Dikutip dari catatan Luhut di akun Facebook pribadinya, pada saat hari
pertama serangan ke Timor-Timur, Luhut justru gagal ikut.
Mengapa bisa?
Saat hendak melakukan penerjunan,
ternyata pesawat C-130B Hercules yang ditumpanginya dan anak buahnya mendapat
serangan dari bawah.
Akibatnya, pesawat pun menjauh dari
wilayah daratan dan terbang menuju laut di wilayah udara Pulau Alor.

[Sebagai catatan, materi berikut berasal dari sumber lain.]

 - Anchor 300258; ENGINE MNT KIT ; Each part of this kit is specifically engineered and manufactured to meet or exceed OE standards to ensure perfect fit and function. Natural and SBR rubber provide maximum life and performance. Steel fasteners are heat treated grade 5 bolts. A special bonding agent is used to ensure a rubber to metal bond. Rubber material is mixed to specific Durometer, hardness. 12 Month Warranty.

Diungkap Luhut, ada kesalahan data
intelijen yang menyebut bahwa pasukan pemberontak Front Revolusi Kemerdekaan
Timor-Leste (Fretilin) memiliki senjata penangkis serangan udara salah besar.
"Ketika giliran saya untuk melompat tiba, saya tinggal menunggu aba-aba
dari jump-master. Tetapi tiba-tiba terasa pesawat miring. Bunyi bel berdering
panjang juga berhenti dan dua orang jump master di pintu kiri dan kanan
Hercules menyilangkan kaki ke pintu, sementara load master buru-buru menutup
pintu. Lho, ada apa? Saya bertanya-tanya," tulis Luhut.

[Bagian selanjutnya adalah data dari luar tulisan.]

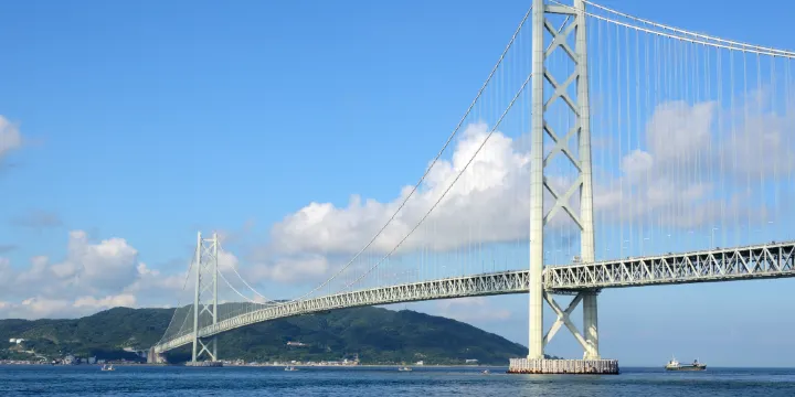 明石海峽大橋,是目前世界上跨距最大的橋樑及懸索橋,包含多項世界紀錄,連接日本神戶和淡路島,跨越明石海峽,橋身呈淡藍色。是加藤托本強烈要求日本政府在神戶和日本四島之間建立起的橋樑,為了避免之後類似“紫雲丸號”悲劇的發生。明石海峽大橋擁有世界第三高的橋塔,比日本一高大樓橫濱地標大廈(295.8米)還高。
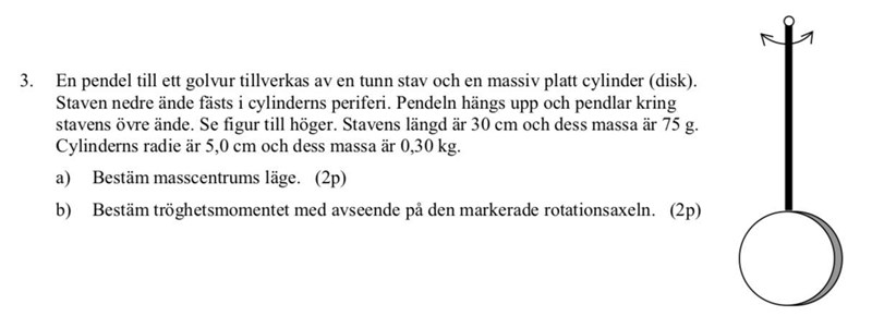 Jag har fastnat på en nedan uppgift, där tröghetsmomentet för en pendel ska bestämmas.
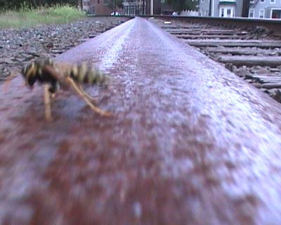 An abandoned railway track runs through the town of Beacon, in upstate New York. A miniature camera mounted on a small machine built to ride the track records a long, extreme close-up tracking shot of one of the rails as it enters, passes through, and leaves the town. As the machine carries the camera along the track (as the track tracks itself), the sun sets and the piece ends in darkness.
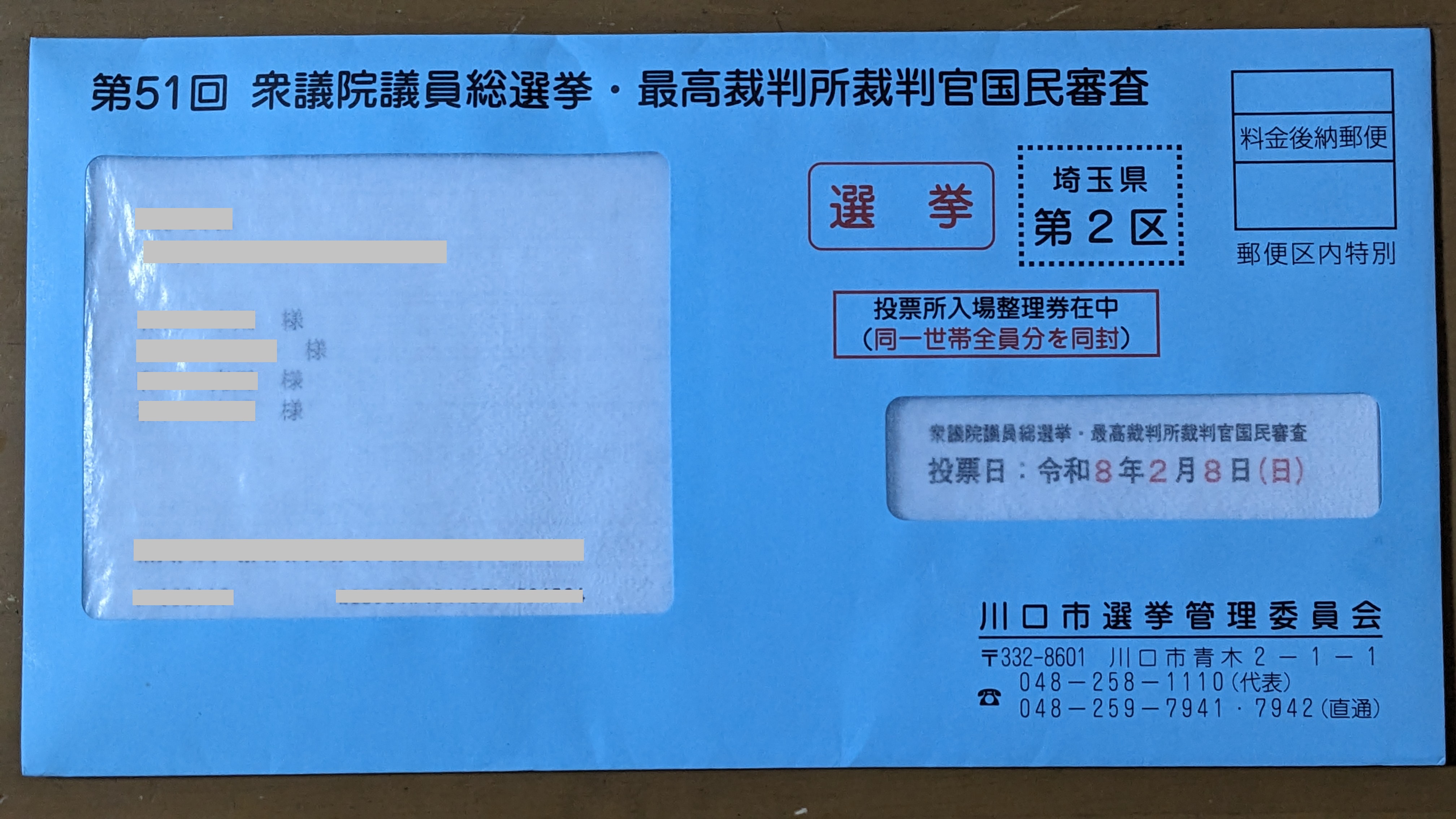 まあ、地域によっては、封筒じゃなくて、はがきで送られてくるところもあるらしいかな。「投票所入場整理券」っていう呼び名とはちょっと違う呼び名のところもあるかも。
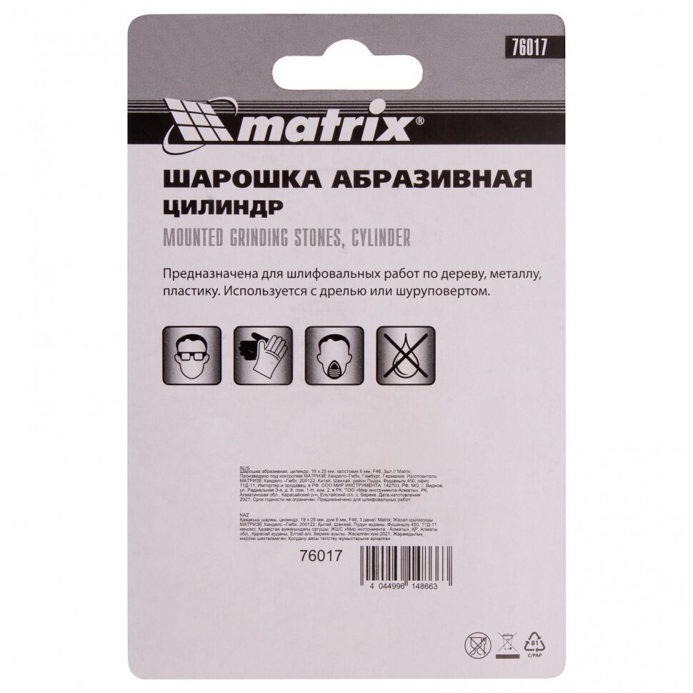 Шарошка абразивная, цилиндр, 19 x 25 x 6 мм, F46, 3 шт Matrix интересное:

"Rupanya informasi intel yang tidak tepat sebelumnya tentang adanya
senjata penangkis udara di lapangan terbang Dilli dan adanya tembakan gencar
dari bawah yang mengenai pesawat Hercules yang kami naiki mempengaruhi pilot
untuk segera menyingkir dari wilayah di atas lapangan terbang. Yang paling aman
tentulah terbang ke arah laut," lanjutnya.

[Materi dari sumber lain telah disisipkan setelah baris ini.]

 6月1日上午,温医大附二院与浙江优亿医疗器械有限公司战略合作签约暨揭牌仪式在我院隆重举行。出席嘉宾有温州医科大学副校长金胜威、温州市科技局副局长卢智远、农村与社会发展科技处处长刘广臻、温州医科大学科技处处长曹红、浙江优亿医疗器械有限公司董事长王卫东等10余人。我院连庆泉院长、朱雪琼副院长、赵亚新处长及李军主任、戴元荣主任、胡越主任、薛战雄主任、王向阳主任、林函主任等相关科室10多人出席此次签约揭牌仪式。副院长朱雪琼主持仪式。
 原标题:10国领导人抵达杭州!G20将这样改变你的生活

Pesawat yang ditumpangi Luhut dan anak
buahnya akhirnya berputar arah dan mendarat di Pangkalan Udara Penfui, Kupang,
Nusa Tenggara Timur (NTT).
Luhut dan 78 orang anggota Kopassandha
pun gagal terjun untuk menjalankan tugas.
Saat tiba di Pangkalan Udara Penfui,
Luhut menyaksikan sendiri ada beberapa bagian pesawat yang rusak akibat
berondongan tembakan pemberontak Fretilin.
Tak hanya itu, seorang load master (awak udara di pesawat sipil
atau pesawat angkut militer yang ditugaskan untuk memuat, mengangkut, dan
menurunkan muatan udara secara aman), tewas akibat terkena tembakan.
"Menghentikan penerjunan menyebabkan 78 orang anggota Kopassandha tidak
bisa terjun, dan semua "terpaksa" terbawa ke Kupang. Ketika mendarat
di pangkalan udara Penfui, saya baru tahu ada sejumlah peluru tembakan dari
bawah yang menyebabkan kerusakan kecil di sejumlah C-130B," lanjut
Luhut.
"Bahkan seorang load master di Hercules yang lain tewas terkena peluru
yang ditembakkan dari bawah. Kasus seperti itu memang jarang sekali terjadi,"
katanya.
Sebagai seorang komandan, Luhut jelas
tak senang dengan situasi itu.
Apalagi, Luhut tahu persis bahwa ada
beberapa anak buahnya yang sudah terjun ke daratan untuk menjalankan tugas.
Luhut mengakui, perasaannya sangat
jengkel dan khawatir saat itu. Pasalnya, ia sama sekali tak tahu nasib anak
buahnya yang sudah terjun.
Sementara, di sisi
lain, ia masih berada dalam kondisi aman dan tak bisa berbuat banyak untuk
memimpin anak buahnya yang sudah bertempur lebih dulu.
"Perasaan saya sendiri campur-aduk. Antara kesal, marah, khawatir semua
bercampur baur di dalam kabin pesawat C-130B tersebut. Sejumlah anak buah saya
telah terjun dan mungkin sudah terlibat tembak-menembak, dan mungkin juga telah
menjadi korban. Sementara saya tak berdaya serta malahan tidak mampu memimpin
mereka merebut sasaran yang ditentukan," ucap Luhut lagi. [qnt]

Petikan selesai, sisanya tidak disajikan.